GOTTSCHALL, District Judge.

This matter is before the court on the motion for judgment on the pleadings of defendant Standard Bank and Trust Company (“Standard”). For the reasons set forth below, the motion is denied.

BACKGROUND

This action arises out of a cheek kiting scheme allegedly first discovered by plaintiff NBD Bank (“NBD”). NBD alleges that on Thursday, November 18, 1993, the individual behind the check kiting scheme (“the perpetrator”) presented for deposit into customer accounts' at NBD checks in the aggregate amount of $3,997,406.75 drawn on various customer accounts maintained at Standard. First Amended Complaint for Declaratory Judgment and Other Relief (“Cmplt.”), ¶ 10. On Friday, November 19, 1993, by 8:00 a.m., NBD caused these checks to be presented to Standard. La Salle National Bank (“Lá Salle”), in its capacity as collecting bank, charged Standard’s account and provisionally credited NBD with these amounts. Cmplt., ¶ 11; First Amended Counterclaims (“Cntrclm.”), ¶ 8.

On the same day as did NBD, Standard also transacted business with the perpetrator or a related individual. Thus, on Thursday, November 18, 1993, the perpetrator caused to be presented to Standard for deposit into customer accounts at Standard checks in the aggregate amount of $4,025,000 drawn on customer accounts maintained at NBD. Cmplt., ¶ 8. On Friday, November 19, 1993, Standard caused the checks to be presented to NBD for payment. La Salle, in its capacity as collecting bank, charged NBD and provisionally credited Standard with the amount of the checks. Cmplt., ¶ 9; Cntrclm., ¶ 9.

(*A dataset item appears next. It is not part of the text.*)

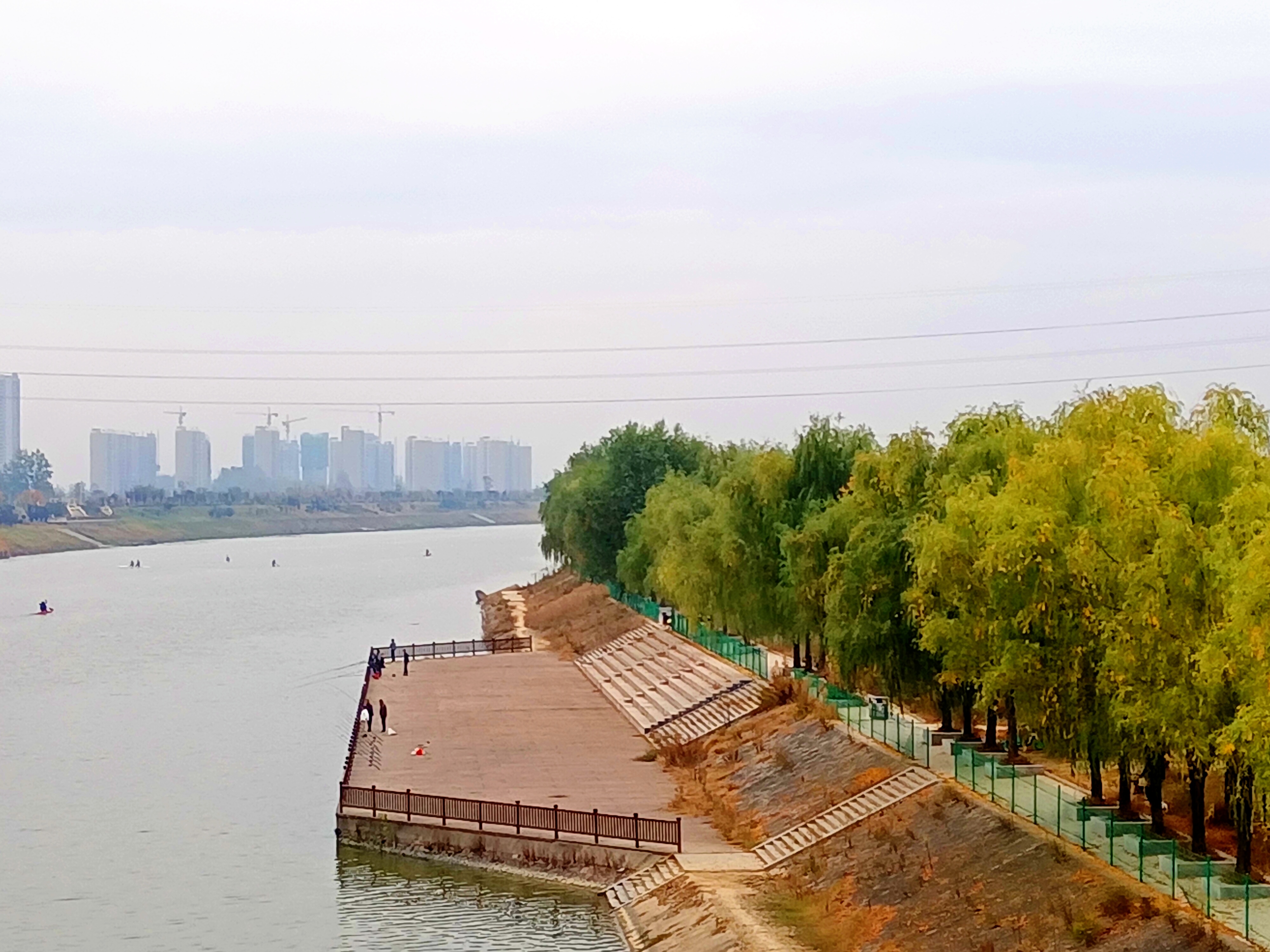 深秋時(shí)節(jié)天漸涼,滿目綠色稍染黃。沙潁河畔秋光美,游人垂釣劃舟忙。

NBD alleges that on Monday, November 22, 1993, NBD discovered that the perpetrator had been signing all or almost all the checks drawn on the NBD customer accounts in question, and that those accounts showed repeated large transfers of funds indicative of a potential check kiting scheme. NBD therefore caused the checks to be stamped “Return to Maker” and did not hon- or them. It is undisputed that NBD caused the checks to be returned to Standard on that same Monday, November 22, 1993. Cmplt., ¶ 9. As NBD interprets applicable law, return of the checks came before the midnight deadline for that transaction under Article 4 of the Uniform Commercial Code (“UCC”), 810 ILCS 5/4-302.1

[790]*790The central issue in this suit is whether Standard may dishonor the set of checks drawn on its customer accounts that were used in the kiting scheme. Significantly, Standard did not return the checks drawn on the Standard accounts by midnight on Monday, November 22, 1993. Cmplt., ¶ 12. According to Standard, its first notice of the cheek kiting scheme came at approximately 8:12 a.m. on Tuesday, November 23, 1993, when it received NBD’s notice of non-payment of checks in the aggregate amount of $4,025,000 drawn on deposit accounts at NBD. Cntrclm., ¶ 10. That same day, Standard sent three of its officers to NBD’s operations processing center, where the officers returned or attempted to return checks drawn on Standard in the aggregate amount of $3,785,441.35. The Standard officers did so at or before 3:58 p.m. Central Standard Time on Tuesday, November 22, 1993. Cmplt., ¶ 13; Cntrclm., ¶ 11.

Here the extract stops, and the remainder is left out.